A couple of weeks ago, I was looking at a standardized test and came across the following “tracing” problem:

*Which of the drawings below can you completely trace without lifting your pencil or retracing a previously traced part? *

When I was a teenager, I had seen similar questions to this one, but was always frustrated that I couldn’t figure out a way to solve them except by trial and error. Twenty years later, thanks to being exposed to different areas of mathematics as a tutor, I instantly saw a systematic way to answer them. Try solving the test question on your own first before reading my approach below.

Give up?

We can solve this problem by transforming the drawings into **graphs**. To do this, draw a dot where the lines of a drawing intersect. These are the **vertices** of your graph. The lines that connect vertices are **edges**.

Now, we need this man, or, namely, what he discovered:

Euler was able to prove the following:^{*}

*On graphs where a path from one vertex can be made to any other, it is possible to traverse all the graph’s edges only once if and only if the path starts and finishes at vertices with an odd number of edges coming from them and all the other vertices have an even number of edges coming from them.*

The above is what is known as an **Euler path**. To see how it works, let’s look at the graphs below. The necessary two vertices with an odd number of edges coming from them have been coloured blue.
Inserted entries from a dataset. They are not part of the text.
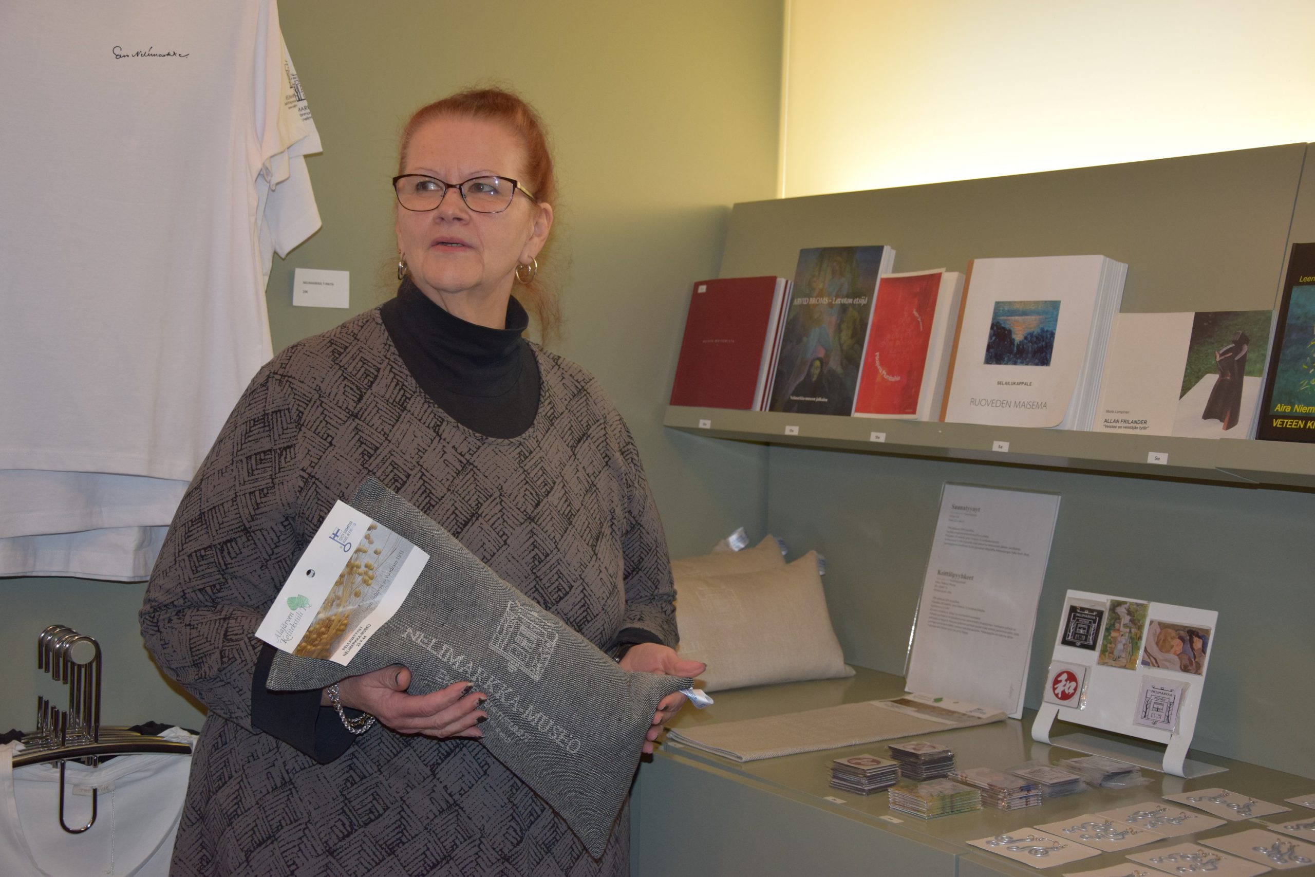 TARJA Ahopelto hoitaa vastaanottoa ja myymälän kassaa, tekee mediaseurantaa ja siivoaa. –Tarja tietää kaikesta kaiken, hänellä on hyviä neuvoja ripustustilanteissa, ja hän on vastaanoton valtiatar, työkaverit luonnehtivat.
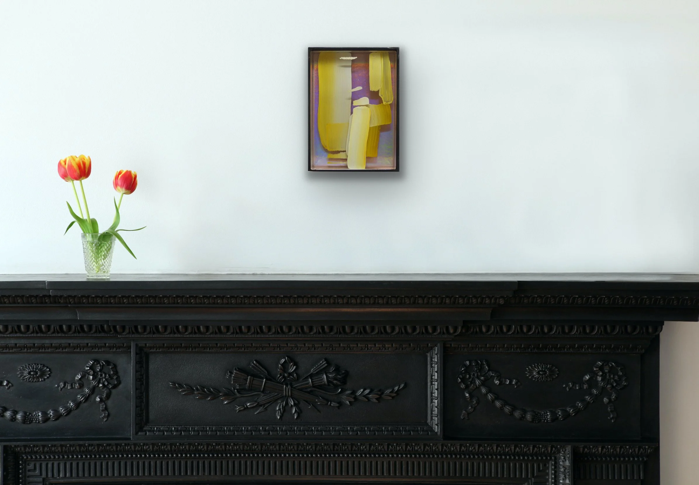 Trotz des kleinen Formats entsteht ein monumentaler Eindruck. Die leuchtenden Farbbahnen wirken wie eingefrorene Bewegungen, eine festgehaltene Choreografie von Malerei und Material. Die glatte Oberfläche des Harzes verstärkt dabei den Eindruck von Räumlichkeit und Verwandlung.
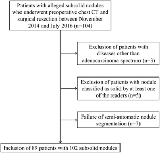 We hypothesized that semi-automatic diameter measurements would improve the accuracy and reproducibility in discriminating preinvasive lesions and minimally invasive adenocarcinomas from invasive pulmonary adenocarcinomas appearing as subsolid nodules (SSNs) and increase the reproducibility in classifying SSNs.
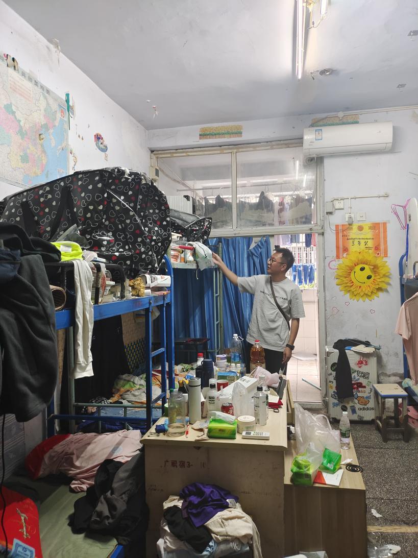 本次检查针对学生宿舍卫生环境、是否存在使用大功率电器、是否喂养宠物等安全隐患进行排查。在检查中发现大多数寝室环境干净整洁,不存在使用大功率电器的现象,无喂养宠物,如思贤楼210、115、116等寝室;但个别男生寝室存在桌面脏乱差,垃圾堆积,地面有烟头等现象,如思贤楼111,针对检查中发现的问题老师们严肃指出,并要求立即整改。
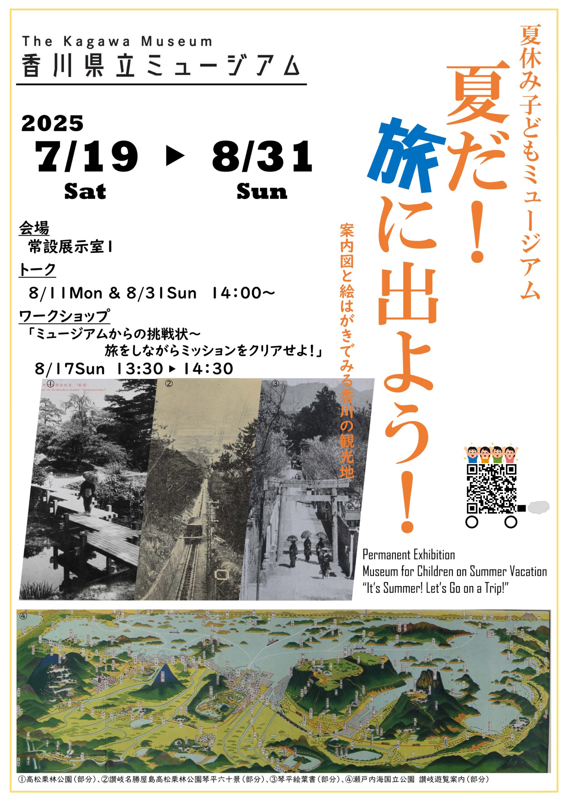 本展では、主に昭和63年(1988)の瀬戸大橋開通までの香川の名所を写した案内図や絵はがきを紹介します。案内図に記載された旅行ルートや絵はがきに写る風景写真を見ながら、旅先としての香川の魅力を発見していきます。
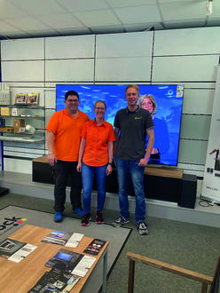 Einer von über 40 Unternehmensbesuchen des OREG-Wirtschafts-Service bzgl. „Garantiert geliefert“, führte Projektreferent René Karg (ganz rechts) auch nach Michelstadt zum Elektrofachmarkt expert Stommel. Geschäftsführer Christian Eigl (ganz links) und Gattin Vanessa Stommel (Mitte) freuen sich auf die zukünftige Zusammenarbeit im neuen Logistik-System. Sie werden mit ihrem Elektrofachmarkt in allen 3 Rollen (Warenversender, Ladeflächenanbieter und MikroHub-Betreiber) vertreten sein.
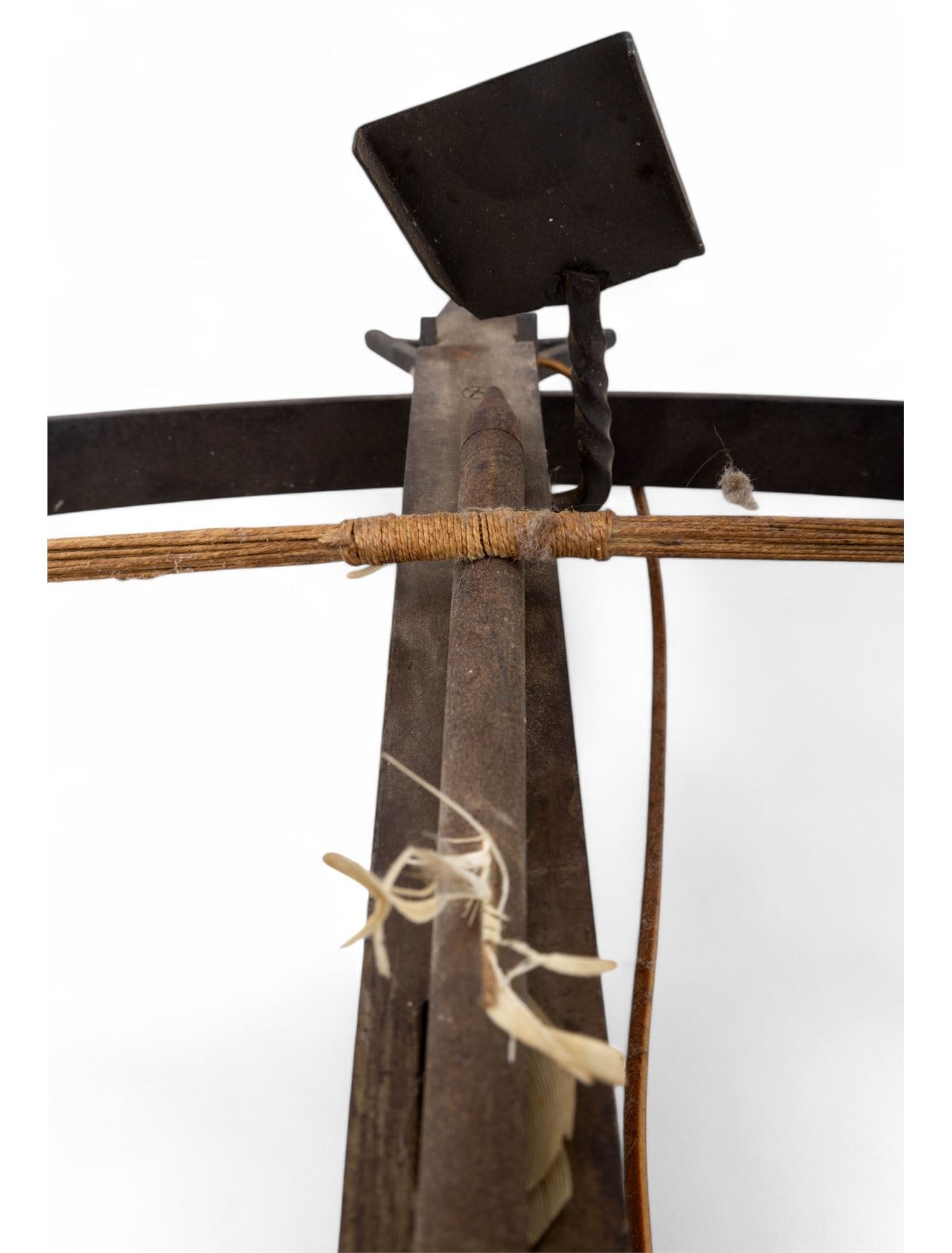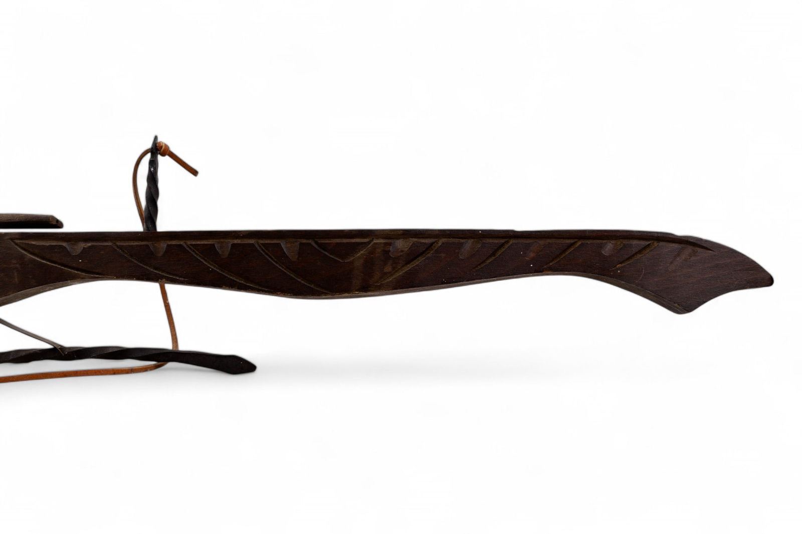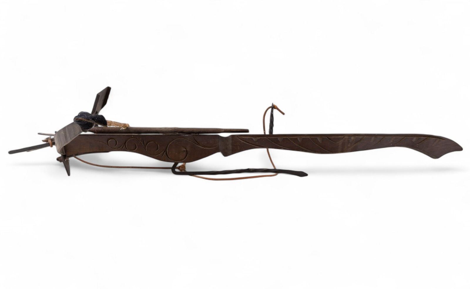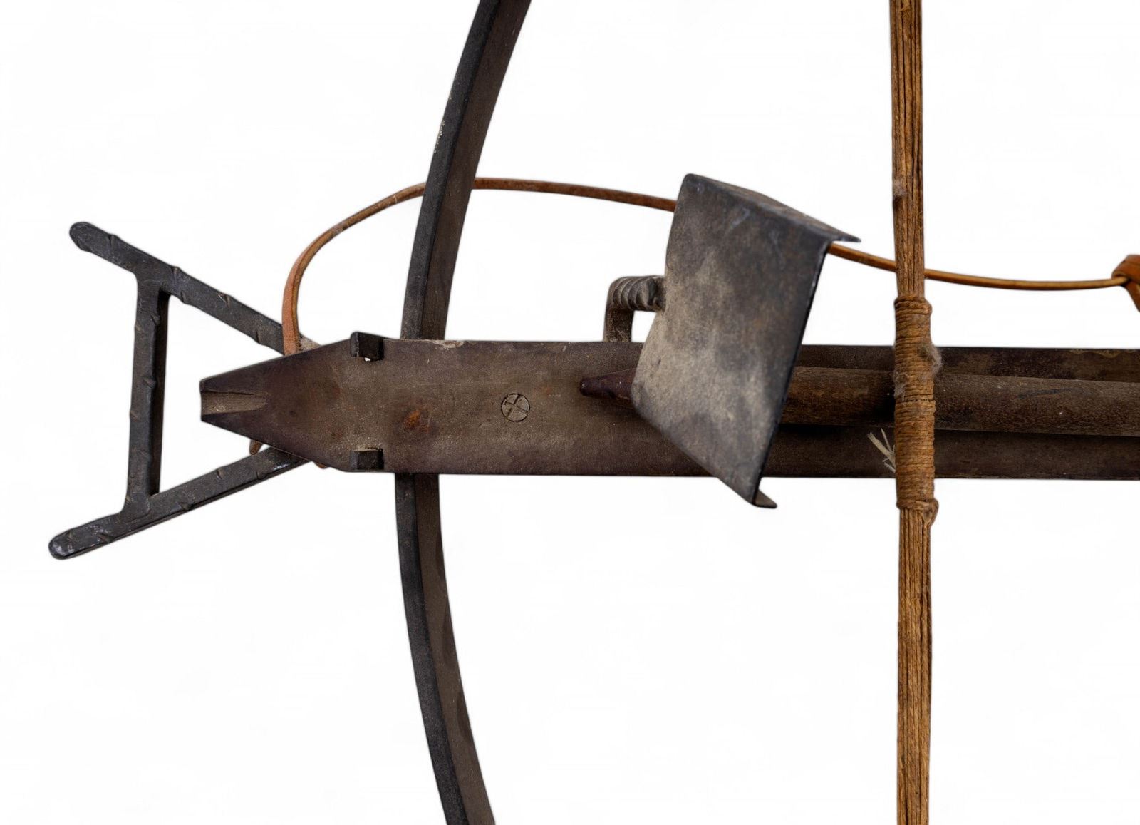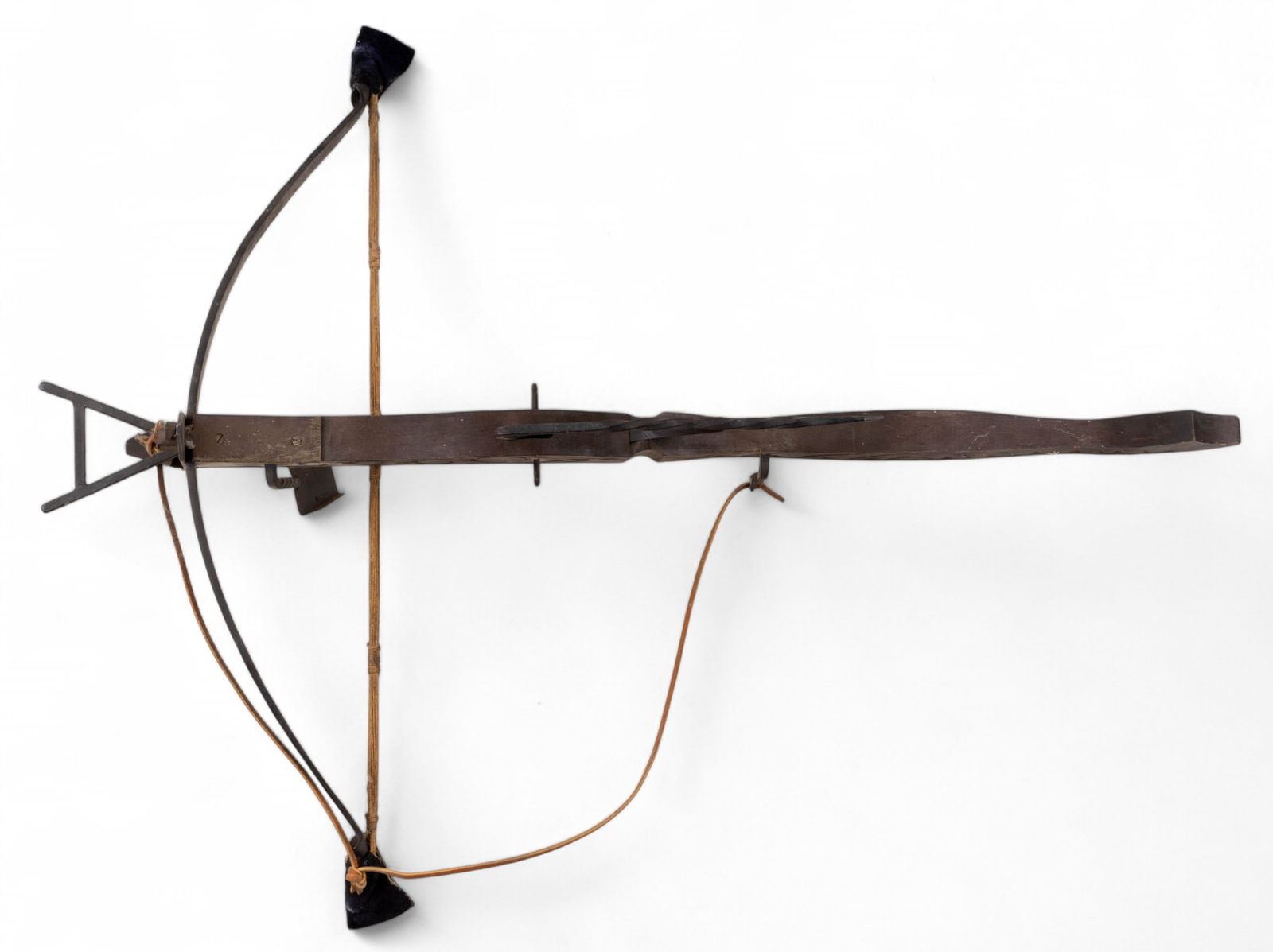 Continental antique crossbow, passably functional w/ early bolt. Item measures approx. 31.5" long & 24" wide.

I have also drawn in (rather badly) red arrows to indicate a path which can be taken to go through all the edges starting at one blue vertex and ending at the other.

Thus, here are some Euler paths for graphs A, B and D.

A: *abcbcd*

B: *abcfedacd*

D: *bedcbace*

As you can see, if you were to follow these paths with your pencil, you would never have to lift it nor retrace an edge.

Okay, but what about graphs C and E? Well, a close look at graph E look will show that both blue vertices have an even number of edges protruding from them. So, an Euler path is not possible. No, but an **Euler circuit** is:

*On graphs where a path from one vertex can be made to any other, it is possible to start and end at the same vertex and traverse all the graph’s edges only once if and only if all the graph’s vertices have an even number of edges coming from them.*

And this is exactly case with graph E. A possible Euler circuit then is *abcdedba*. And, since there are four other vertices who are even, there are at least four other possible circuits we can make.^{†}

This leaves graph C. Looking at its vertices we notice two things: one, not all the vertices have an even number of edges coming from them, and two, there are more than two vertices with an odd number of edges sticking out: c, d, e, and f. The first observation excludes the possibility of an Euler circuit; the second, an Euler path. Consequently, it’s not possible to go over all the edges of graph C without lifting your pencil or retracing an edge. If you can, please let me know and I’ll heartily eat my shoe!^{‡}

_{*Leonhard Euler contributed a lot to mathematics. One of the fun things I have learned about him was that he was able to figure out that 4,294,967,297, which Pierre de Fermat had conjectured was prime, was actually a composite number, i.e. 641*6,700,417. Impressive enough, but even more so since Euler supposedly figured this out in his head. (Stewart, Redlin, Saleem Watson. Algebra and Trigonometry, Third Edition. Brooks/Cole, 2012. p. 92).
† I think there are just four other circuits in this case, but I haven’t checked, so I could be mistaken.
‡ I’m not as honourable as Werner Herzog, so I’ll pass on eating my shoe. I will, however, feel quite embarrassed and guilty about my answer. The mistakes I fear most are those borne from overconfidence, thinking I know what I’m doing when really I don’t.}